“Look at his photographs, look at them carefully, then look at yourselves – not critically, or with self depreciation, or any sense of inferiority. Read the material from his Daybooks and letters so carefully compiled, edited and associated with the photographs by Nancy Newhall. You might discover through Edward Weston’s work how basically good you are or might become. This is the way Edward would want it to be.” – Ansel Adams
What Ansel Adams wrote seven years after Edward Weston’s death in 1958, touched me in a special way. Here was something that I had felt and wanted all along, but could never put my finger on. Could never name it. “You might discover … how basically good you are or might become.” By looking at the photographs, reading the daybooks and letters. By getting to know the man and his work. I like that.
I like that not only as something I want to do myself (as I am looking at the photographs and reading his writing. For quite some time now). But I like it to be something to live and convey in my work as well. Not by copying Weston’s style of work and way of life. I have been talking about how unfulfilling copying somebody or their work would be, but being influenced by and sharing a basic principle with someone is legitimate.
What I have been thinking about for a while now was how whatever they call art seems to be something that needs to be provocative. How simply showing something beautiful does not seem to be good enough. Not important enough, whatever this means. I wouldn’t even care to deliver “important” work if that label is needed to be featured in galleries and museums. I think where great images should be is in people’s homes to enrich their everyday lives. And what else would someone hang in their living room or elsewhere in their home than something beautiful, something you would love to look at?
And by looking at those images and reflecting on why you like them, acknowledging the beauty and what this beauty does with you, you might realize that there is something inherently good in you and always has been.
I came back today from a few days in the Eifel nature reserve near the belgian border and was walking in the forest this morning before driving home. And as usual on New Year’s day, a lot of people are out in nature. Even those morons showing up in big-ass SUVs while everybody is dicussing climate change. But even those enjoy nature. We are eventually all coming home. And being aware that this nature is part of us, is where we came from and go back to, might make us realize there is something good in us. Even though we feel lost and detached from it. Even if we feel the need to drive an unnecessary big car.
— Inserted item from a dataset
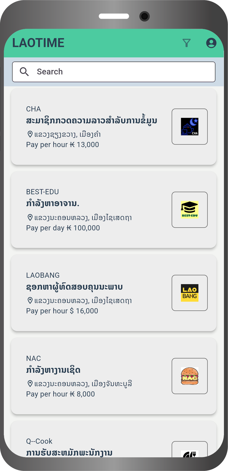 ເປັນສື່ກາງທີ່ເຊື່ອມໂຍງລະຫວ່າງຜູ້ຊອກງານ ແລະ ຜູ້ຈ້າງງານ ດ້ວຍການນໍາໃຊ້ທີ່ງ່າຍດາຍ. ຄົ້ນຫາງານທີ່ເໝາະກັບເຈົ້າໄດ້ຢ່າງສະດວກ ແລະ ທັນໃຈ ຜ່ານ LAOTIME.

Right now this whole concept is an intellectual exercise to me which I need to connect to my actual feelings. Up to the point where these aren’t just thoughts anymore, but feelings which will find their way into my photographic work. I am so looking forward to the moment when I realize how it actually works out. Or has worked out, because sometimes you are already doing something, you’re just not aware of it. As in all things, self-awareness is key. Or at least one of them.